Top of Data extract
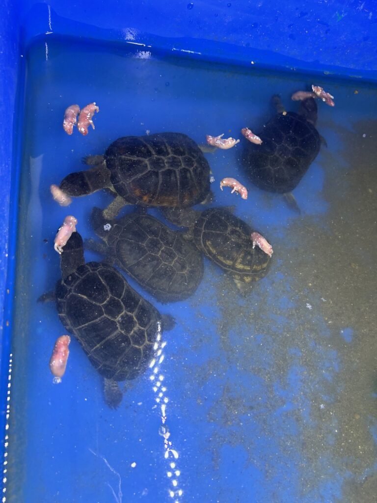 ヒメハコヨコクビガメ今年2クラッチ目です。 ご褒美にピンクマウス与えます♪今回は有精卵かも☺
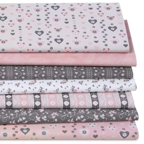 Exklusiv von buttinette: Patchwork- und Quiltpaket "Trachten", Farbe: grau/rosa, aus der Quiltserie "Mona", aus besonders feiner, weicher und hochveredelter Baumwolle (Renforcé), Gewicht: ca. 130 g/m². Paketinhalt: 7 verschiedene Muster, wie abgebildet, jeweils 30 cm lang und 75 cm breit. Material: 100 % Baumwolle.
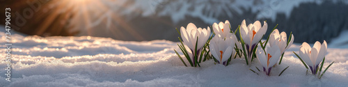 Beautiful snowdrop flower among the snow. Snowdrop forest. Magnificent view of snowdrop formation.
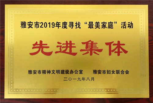 9月27日,城投公司雅安市2019年尋找“最美家庭”活動(dòng)先進(jìn)集體稱(chēng)號(hào)。
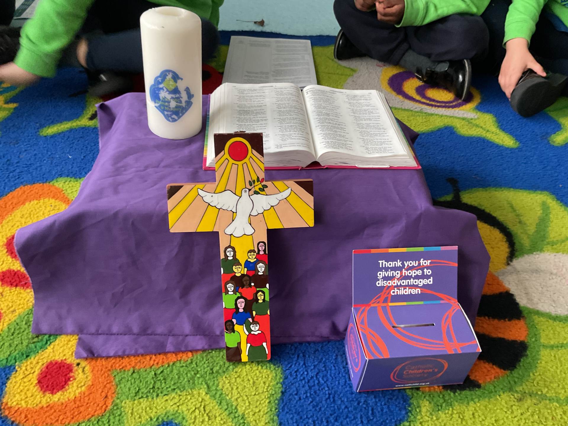 This week Nursery have been working on understanding Lent through caring actions and kindness. We reminded the children that Christians follow Jesus by showing love and care to everyone. The children were shown the new purple cloth, and remembered the one we saw during Advent. We explained purple is often the colour used when we are getting ready for something. This time we are getting ready for Easter – and that time has a special name: Lent. We explained that Lent is a time when all Christians try their best to be caring and kind like Jesus. We learnt the song - ‘Helping hands’
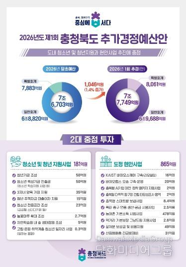 충북도는 재정여건이 어려운 상황이나, 당초예산 편성 시 예측하지 못한 도민 체감형 위주의 사업과 상반기 추진이 시급한 현안사업을 위해, 교육청과 재산이관 수입 및 보조금 등을 활용해 추경 예산을 편성했다.
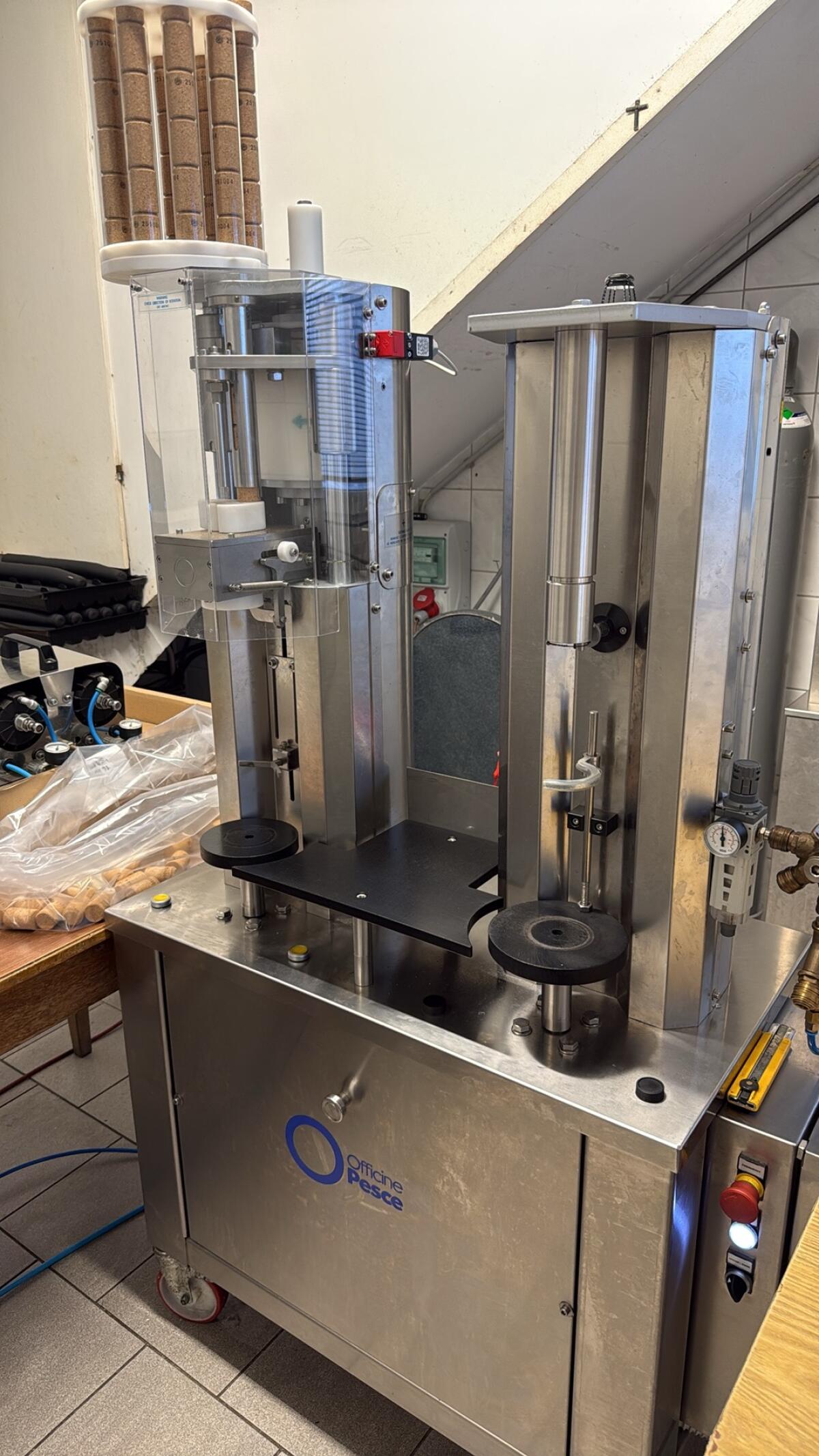 Eine isobarische (oder Gegendruck-) Abfüllmaschine füllt kohlensäurehaltige Getränke ab: Bier, Sekt, Erfrischungsgetränke und Apfelwein. Mechanische Verkorkungsmaschine für Champagnerkorken mit Druckknopfbedienung, pneumatischer Flaschenhebung und manueller Korkenverteilung.
Bottom of Data extract
## Instructions to follow
Write back the stretch of lines above that begins with the line holding "Beautiful snowdrop flower" and ends with the line holding "9月27日,城投公司雅安市2", both included, exactly as written. Pictures stay out.

## Expected answer
 Beautiful snowdrop flower among the snow. Snowdrop forest. Magnificent view of snowdrop formation.
 9月27日,城投公司雅安市2019年尋找“最美家庭”活動(dòng)先進(jìn)集體稱(chēng)號(hào)。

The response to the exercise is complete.